The parameter file consists of two main parts: First, general parameters for OMA are set; see Table 3 for detailed explanations. Second, more specific parameters that only affect the ESPRIT algorithm can be changed. These parameters are explained in Table 4. Note that changing the ESPRIT parameters will not have an effect unless you set the boolean variable UseEsprit to true .
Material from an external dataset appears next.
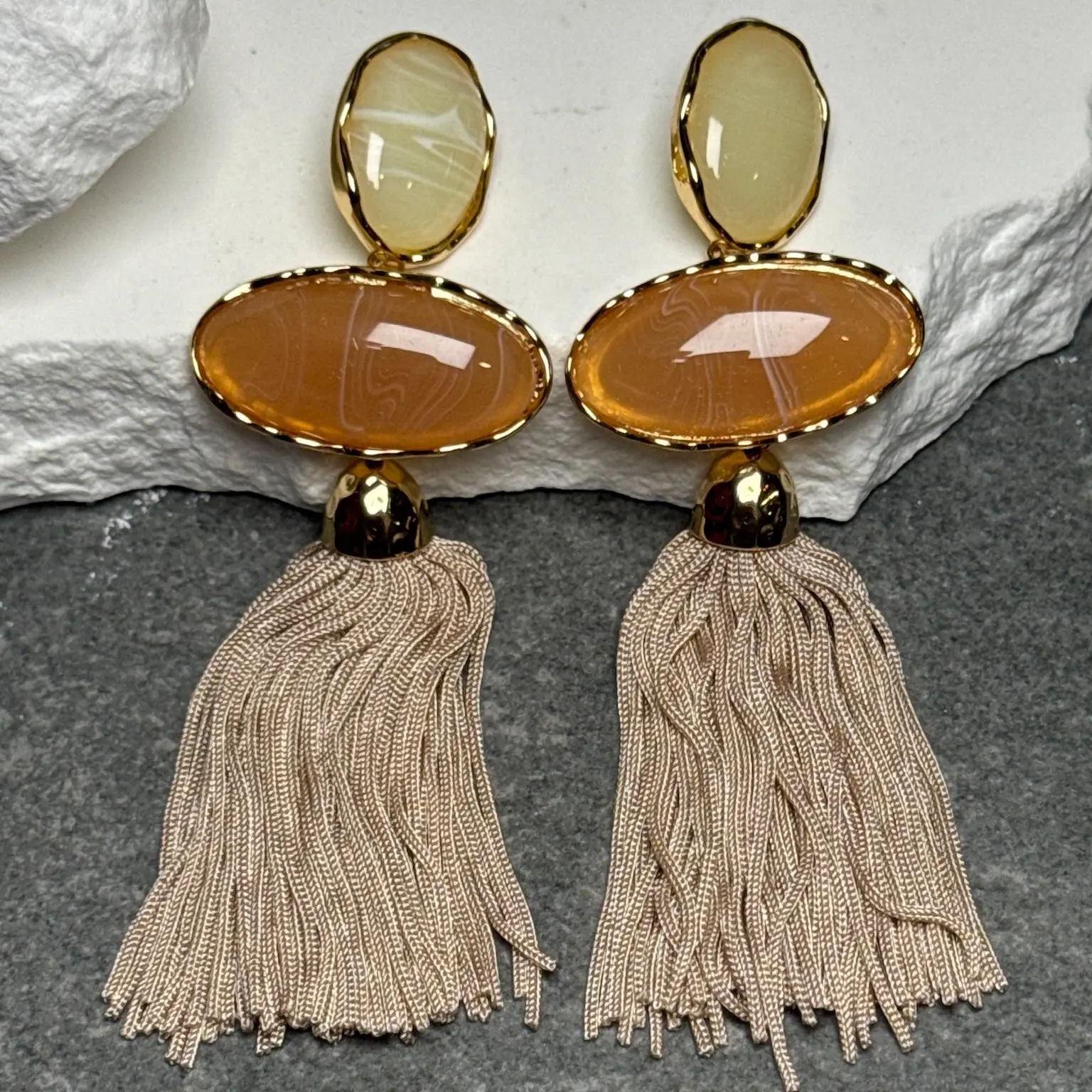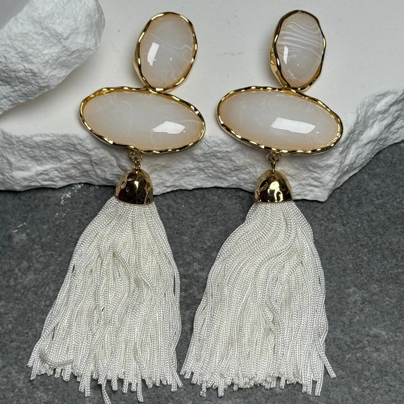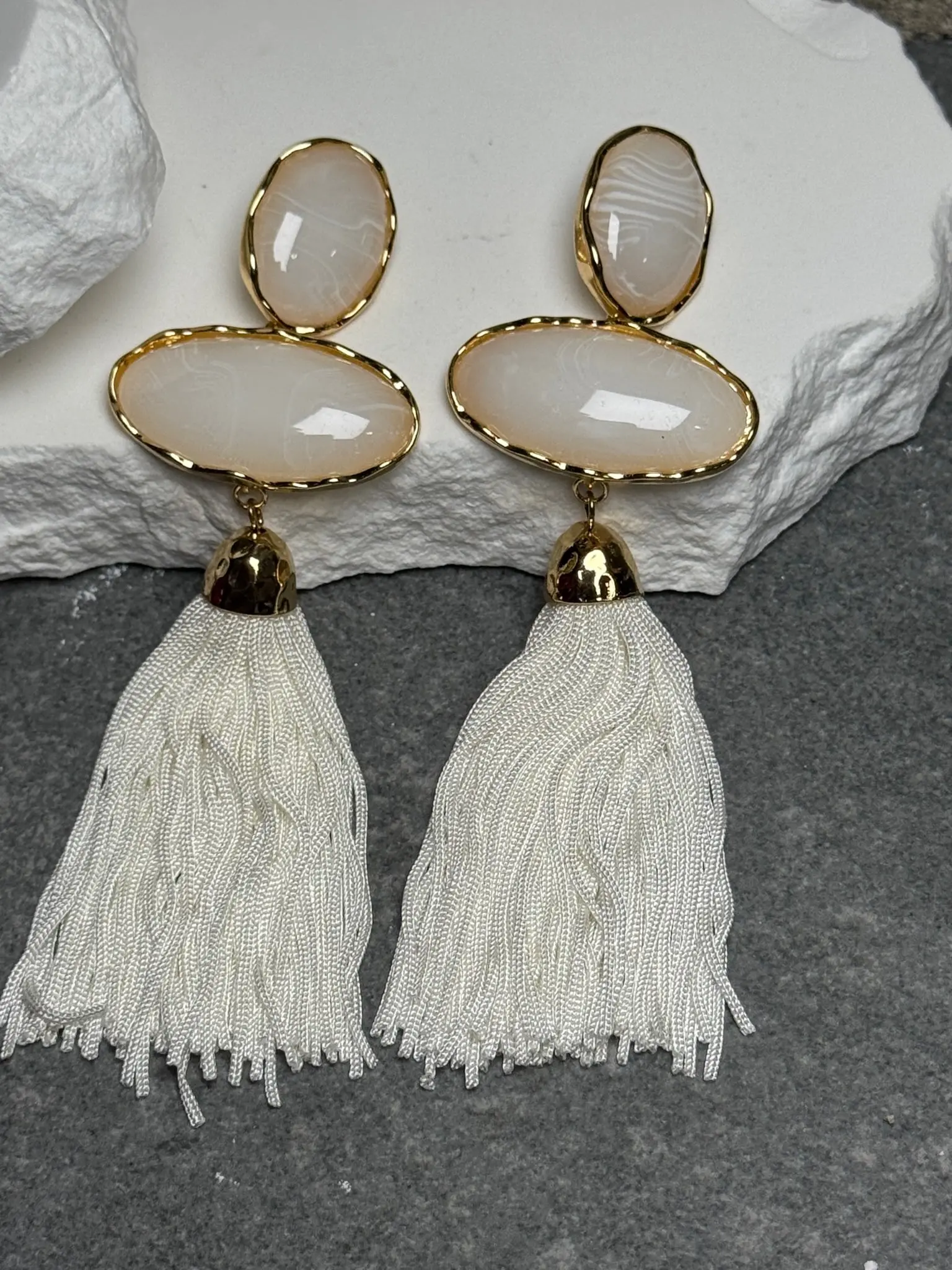 Meet your new statement obsession. The Coastal Drip Triple Tassel Earrings bring effortless seaside glam with a bold, layered twist. Designed with a striking three-tier drop and fluid tassel finish, these earrings capture the essence of sun-soaked days and golden hour glow.

Table 3: General parameters in OMA
Parameter Meaning Default
ReuseCachedResults

If you want to recompute everything from scratch everytime the script is run, set this to false .

true
NP

In the all-against-all phase, each genome pair is split in NP parts. This allows for shorter milestone steps (e.g. in case of computer crash) and allows to parallelize jobs with few but large genomes.

4
MinScore

Alignments which have a score lower than MinScore will not be considered. The scores are in Gonnet PAM matrices units.

181
LengthTol

Length tolerance ratio. If the length of the effective alignment is less than LengthTol * min( length(s1), length(s2) ), then the alignment is not considered.

0.61
StablePairTol

During the stable pair formation, if a pair has a distance provable higher than another pair (i.e. StablePairTol standard deviations away) then it is discarded.

1.81
VerifiedPairTol

Length tolerance ratio. If the length of the effective alignment is less than LengthTol * min( length(s1), length(s2) ), then the alignment is not considered.

1.53
MinSeqLen

Any sequence which is less than MinSeqLen amino acids long in regular genomes is not considered.

50
Table 4: ESPRIT parameters
Parameter Meaning Default
UseEsprit

You can either set this to true , which will enable ESPRIT and shut down the parts of OMA that are not directly needed for ESPRIT, or set it to false to make no use of ESPRIT at all.

false
DistConfLevel

Confidence level variable for contigs. This is the parameter tol described in the paper.

2
MinProbContig

Minimal proportion of genomes with which contigs form many:1 BestMatches to consider that we might be dealing with fragments of the same gene. This is the parameter MinRefGenomes described in the paper, normalized by the total number of reference genomes.

0.4
MaxContigOverlap

Maximum overlap between fragments of same gene from different contigs.

5
MinSeqLenContig

Any sequence which is less than MinSeqLenContig amino acids long in contigs is not considered.

20
MinBestScore

Minimum best score for BestMatch in scaffold recognition.

250

License

OMA is licensed under a Creative Commons Attribution-Noncommercial-Share Alike 2.5 License. For more info, please consult the following page:

http://creativecommons.org/licenses/by-nc-sa/2.5/ch/

In a nutshell, OMA is free for non-commercial use.